I'm trying to gather information from Google Analytics to build a recommendation engine for my site. The site consists of many pages, so I'm tracking the number of times a user clicks, for example, from page A to page B. Currently I can measure the A -> B
transitions on Google Analytics with previousPagePath = '/A'
and nextPagePath = '/B'
, but the question I really want to answer is, "Of all the visits to the site that included viewing page A, how many times were pages B, C, ... viewed in the same visit?"
For example, if the flow was A -> homepage -> B
, then that would not be captured by my current methodology, but would be captured by the broader measure. It looks like the "Visitors Flow" report on the Google Analytics web interface has the data I'm looking for, but I can't figure out how to access it programmatically via the API.
What is the best way to get this data?
This is a really great idea. I'm a little late to this, but you should be able to accomplish this by downloading all of the data using the Google Analytics Reporting API, store it in a local database/file/whatever, and then build your recommendation engine by aggregating the statistics by hand and storing them locally.
To get the data from the Reporting API, try playing with the query explorer and extracting the number of visits to pages between all pairs of paths using a method similar to @carlsoja:
dimensions=ga:previousPagePath,ga:pagePath&metrics=ga:visits
In order to get all of the data, you will have to use one of the Core Reporting Client Libraries to paginate through the results (which you can experiment with in the query explorer).
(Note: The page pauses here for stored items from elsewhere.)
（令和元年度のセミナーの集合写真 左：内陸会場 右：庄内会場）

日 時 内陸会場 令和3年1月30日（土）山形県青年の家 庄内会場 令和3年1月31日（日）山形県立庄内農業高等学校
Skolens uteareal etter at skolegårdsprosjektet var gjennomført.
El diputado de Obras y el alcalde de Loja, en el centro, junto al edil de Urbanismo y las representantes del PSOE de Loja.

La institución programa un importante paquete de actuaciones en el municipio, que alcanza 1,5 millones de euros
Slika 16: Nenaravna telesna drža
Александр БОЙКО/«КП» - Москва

Once you have all of the data, you can pretty easily calculate the Markov Chain transition probabilities that a person visits page /A
after they have visited page /B
, or p(/A | /B)
. Then it would be pretty straightforward to estimate the probability that someone visits page /A
if they visited page /B
at some point in the past. If you wanted to get really fancy, you could use their complete history {H}
to make recommendations for pages by estimating p(/A | {H})
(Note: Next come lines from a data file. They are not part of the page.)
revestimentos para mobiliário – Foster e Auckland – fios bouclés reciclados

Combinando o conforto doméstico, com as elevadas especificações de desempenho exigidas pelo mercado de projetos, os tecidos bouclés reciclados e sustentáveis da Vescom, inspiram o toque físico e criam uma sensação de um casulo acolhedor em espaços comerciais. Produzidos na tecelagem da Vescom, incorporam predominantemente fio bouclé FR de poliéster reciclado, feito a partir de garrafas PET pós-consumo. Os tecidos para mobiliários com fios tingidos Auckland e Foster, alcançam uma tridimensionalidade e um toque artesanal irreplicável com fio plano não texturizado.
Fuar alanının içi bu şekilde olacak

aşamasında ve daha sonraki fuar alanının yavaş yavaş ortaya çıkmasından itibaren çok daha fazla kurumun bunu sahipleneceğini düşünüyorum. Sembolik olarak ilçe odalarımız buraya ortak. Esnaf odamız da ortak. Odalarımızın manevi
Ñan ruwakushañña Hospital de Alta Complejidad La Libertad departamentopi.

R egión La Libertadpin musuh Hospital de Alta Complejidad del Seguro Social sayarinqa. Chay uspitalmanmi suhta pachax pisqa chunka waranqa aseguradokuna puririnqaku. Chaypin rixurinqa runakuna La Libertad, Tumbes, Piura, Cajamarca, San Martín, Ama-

, but I'll leave that as an exercise for the reader ;)
Hope this helps!
Is there any reason why you couldn't simply segment against people that viewed page A and use pagePath / pageTitle as a dimension and return the number of number of visits as the metric?
dimensions=ga:pagePath&metrics=ga:visits&segment=dynamic::ga:pagePath=~A
In theory this should list out all of the pagePaths that were viewed in the same visit as pagePath=~A and the number of visits where both were viewed, which is what you're looking for, yes?